INPUT RECORDS:
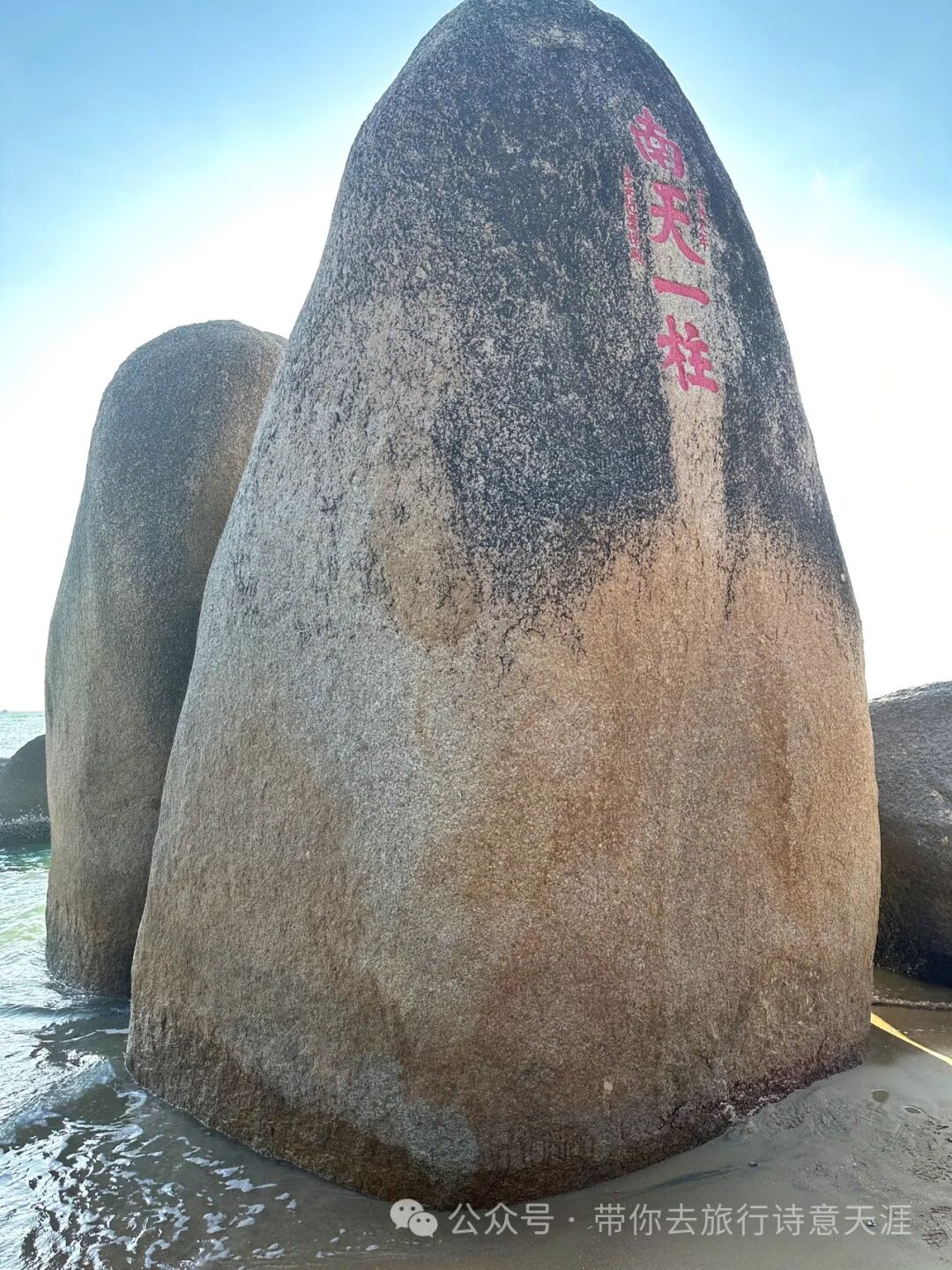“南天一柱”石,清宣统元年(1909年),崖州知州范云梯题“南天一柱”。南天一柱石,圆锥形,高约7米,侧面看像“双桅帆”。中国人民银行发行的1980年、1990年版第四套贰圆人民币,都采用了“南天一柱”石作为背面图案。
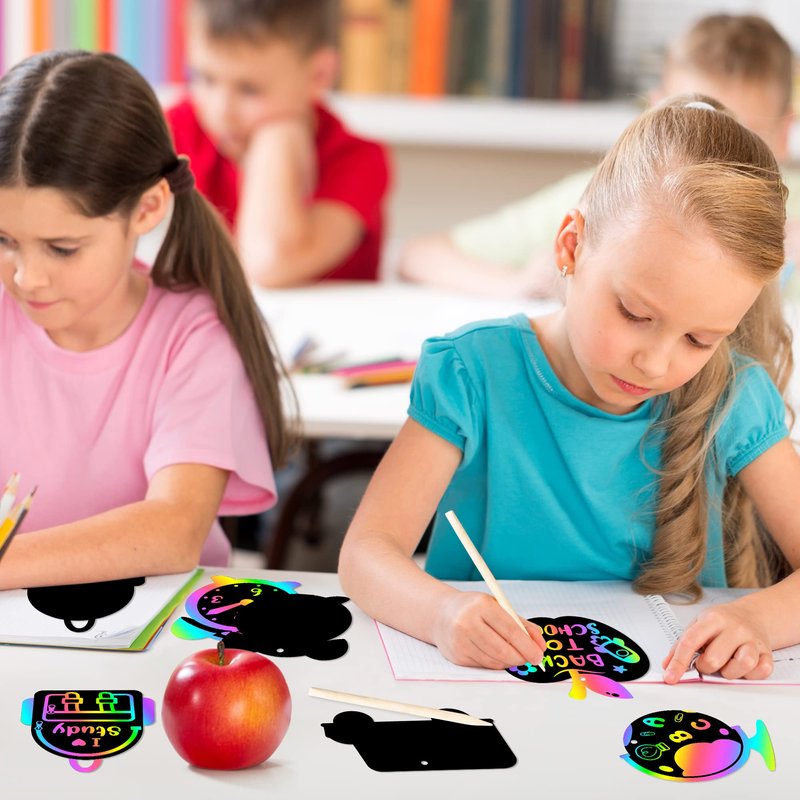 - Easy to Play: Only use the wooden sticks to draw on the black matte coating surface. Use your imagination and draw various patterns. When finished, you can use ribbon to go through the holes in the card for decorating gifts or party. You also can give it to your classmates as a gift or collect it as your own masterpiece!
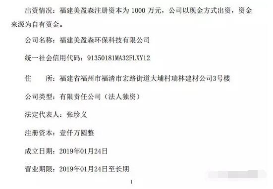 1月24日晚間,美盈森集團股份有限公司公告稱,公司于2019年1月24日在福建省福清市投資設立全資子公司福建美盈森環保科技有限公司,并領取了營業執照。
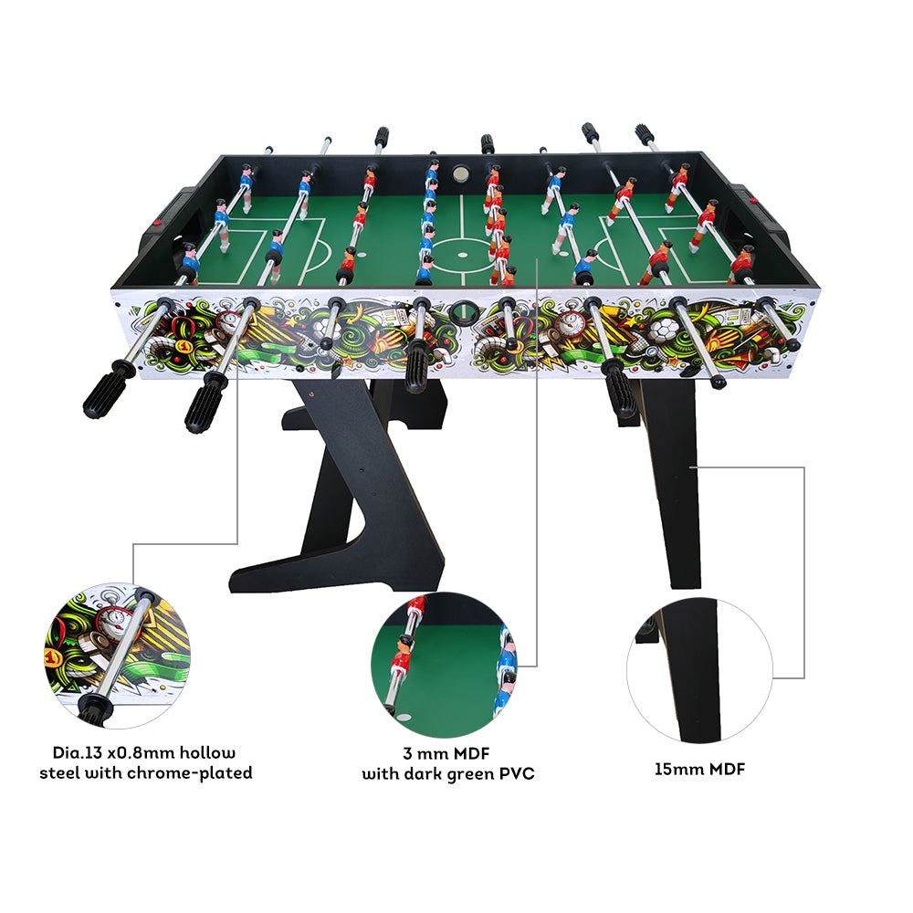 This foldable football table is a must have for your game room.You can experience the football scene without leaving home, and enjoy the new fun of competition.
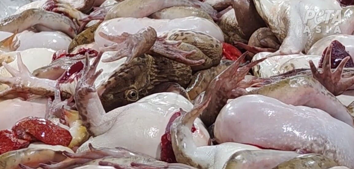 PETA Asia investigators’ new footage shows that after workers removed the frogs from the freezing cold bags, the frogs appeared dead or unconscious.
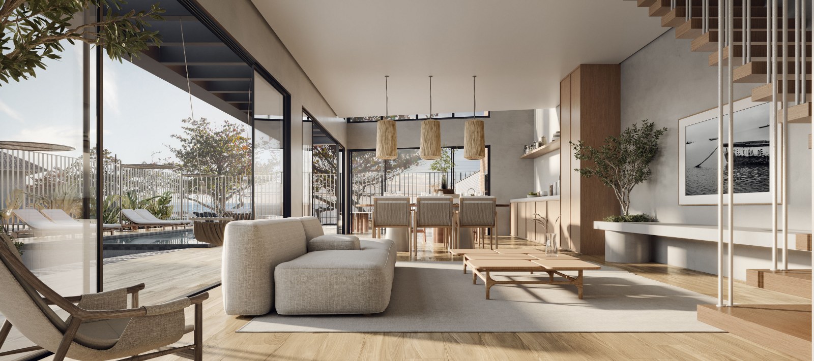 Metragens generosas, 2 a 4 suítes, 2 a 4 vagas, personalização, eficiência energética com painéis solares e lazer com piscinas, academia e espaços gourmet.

==

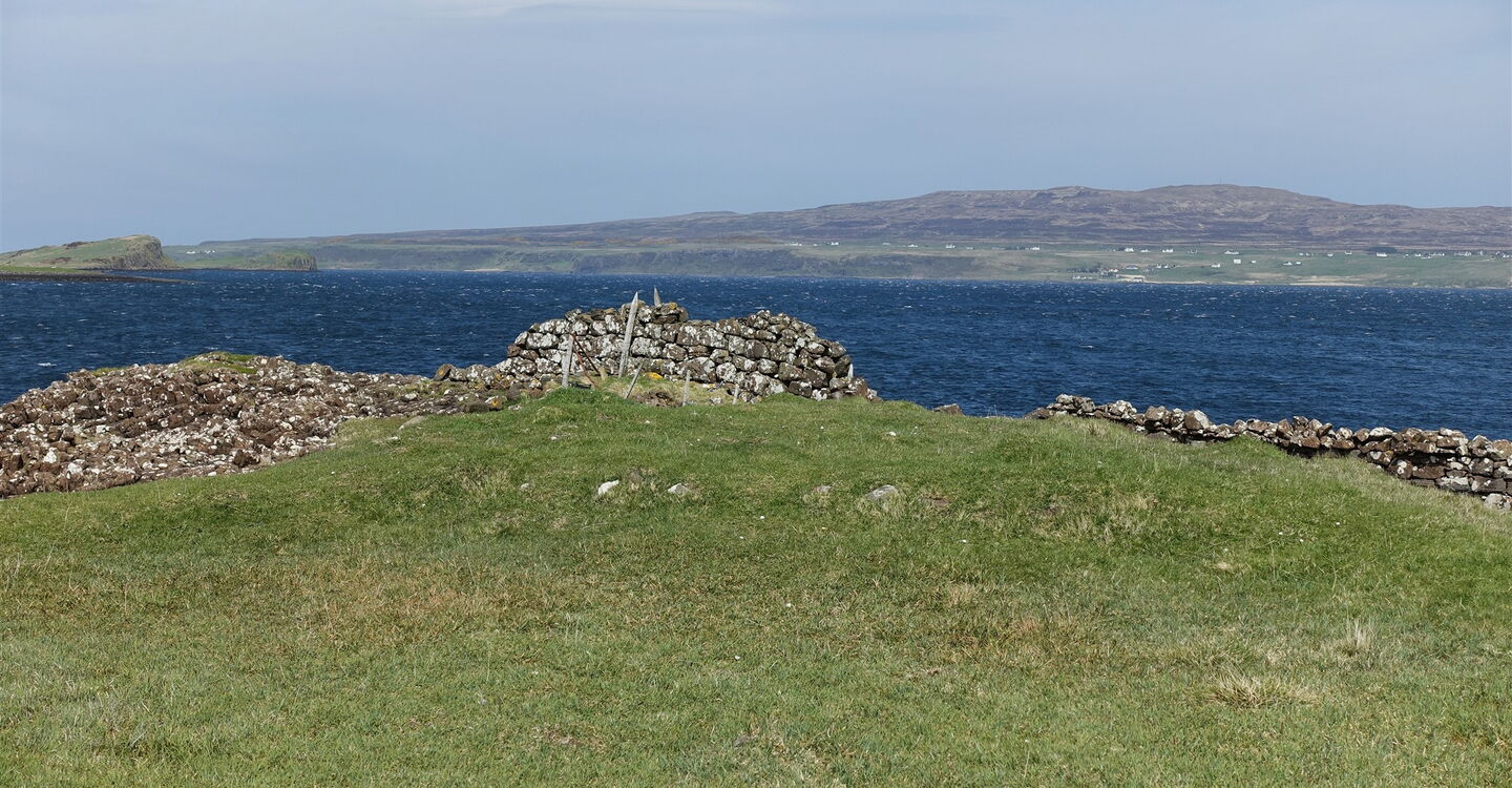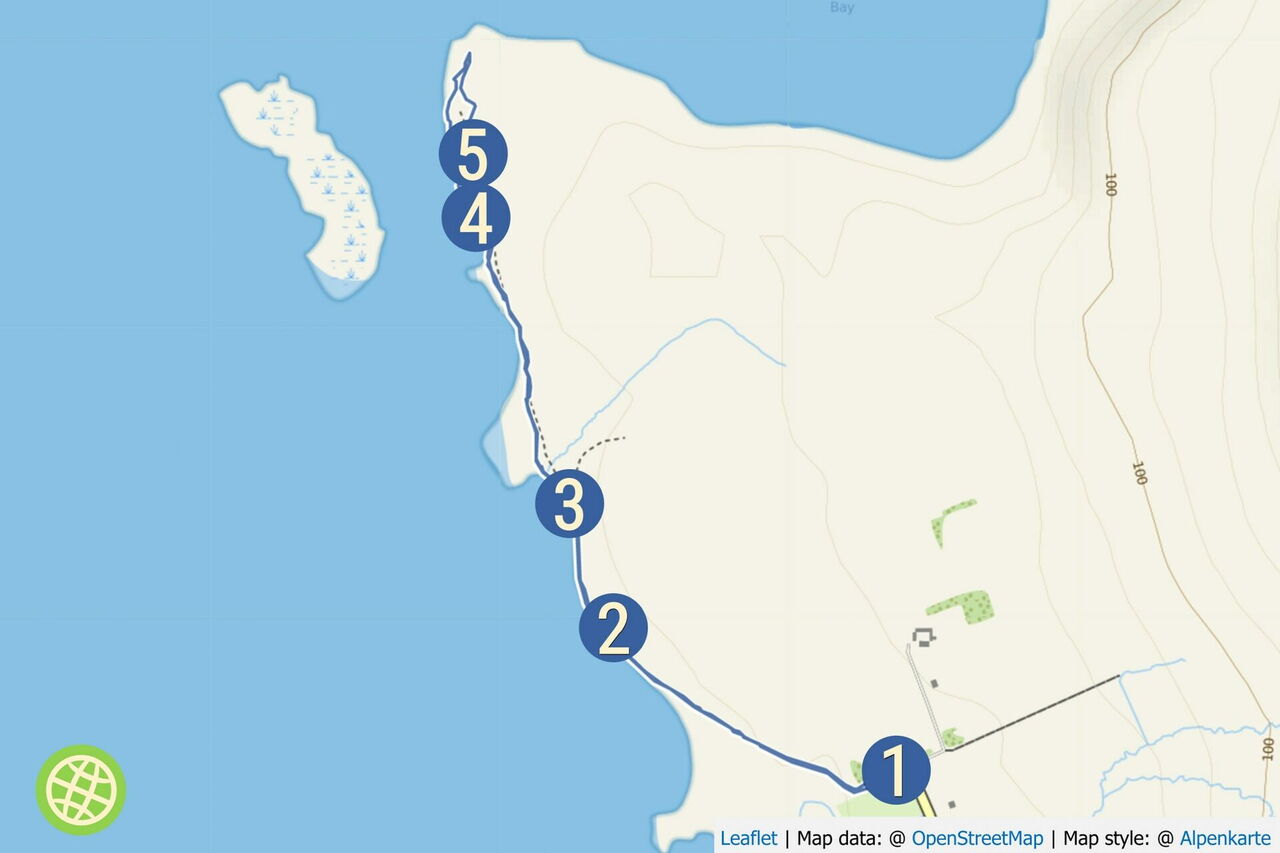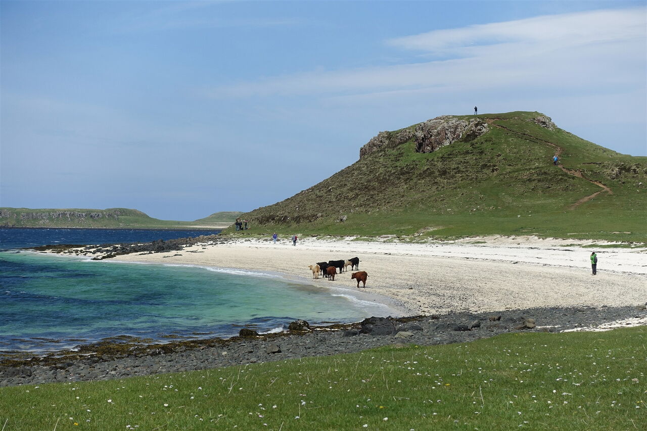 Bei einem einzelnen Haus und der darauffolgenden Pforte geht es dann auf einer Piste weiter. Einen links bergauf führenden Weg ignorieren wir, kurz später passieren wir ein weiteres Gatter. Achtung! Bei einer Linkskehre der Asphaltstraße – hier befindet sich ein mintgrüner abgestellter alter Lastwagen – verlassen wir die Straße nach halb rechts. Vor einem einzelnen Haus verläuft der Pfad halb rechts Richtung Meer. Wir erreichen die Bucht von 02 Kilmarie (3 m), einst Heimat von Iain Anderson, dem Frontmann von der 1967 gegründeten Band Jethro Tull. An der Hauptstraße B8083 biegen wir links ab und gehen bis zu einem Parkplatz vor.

PROBLEM: Only the lines starting at the one with "- Easy to Play: Only" and ending at the one with "Metragens generosas, 2" should be printed, each exactly as it appears in the material above; the pictures are to be omitted.

OUTPUT BELOW:
 - Easy to Play: Only use the wooden sticks to draw on the black matte coating surface. Use your imagination and draw various patterns. When finished, you can use ribbon to go through the holes in the card for decorating gifts or party. You also can give it to your classmates as a gift or collect it as your own masterpiece!
 1月24日晚間,美盈森集團股份有限公司公告稱,公司于2019年1月24日在福建省福清市投資設立全資子公司福建美盈森環保科技有限公司,并領取了營業執照。
 This foldable football table is a must have for your game room.You can experience the football scene without leaving home, and enjoy the new fun of competition.
 PETA Asia investigators’ new footage shows that after workers removed the frogs from the freezing cold bags, the frogs appeared dead or unconscious.
 Metragens generosas, 2 a 4 suítes, 2 a 4 vagas, personalização, eficiência energética com painéis solares e lazer com piscinas, academia e espaços gourmet.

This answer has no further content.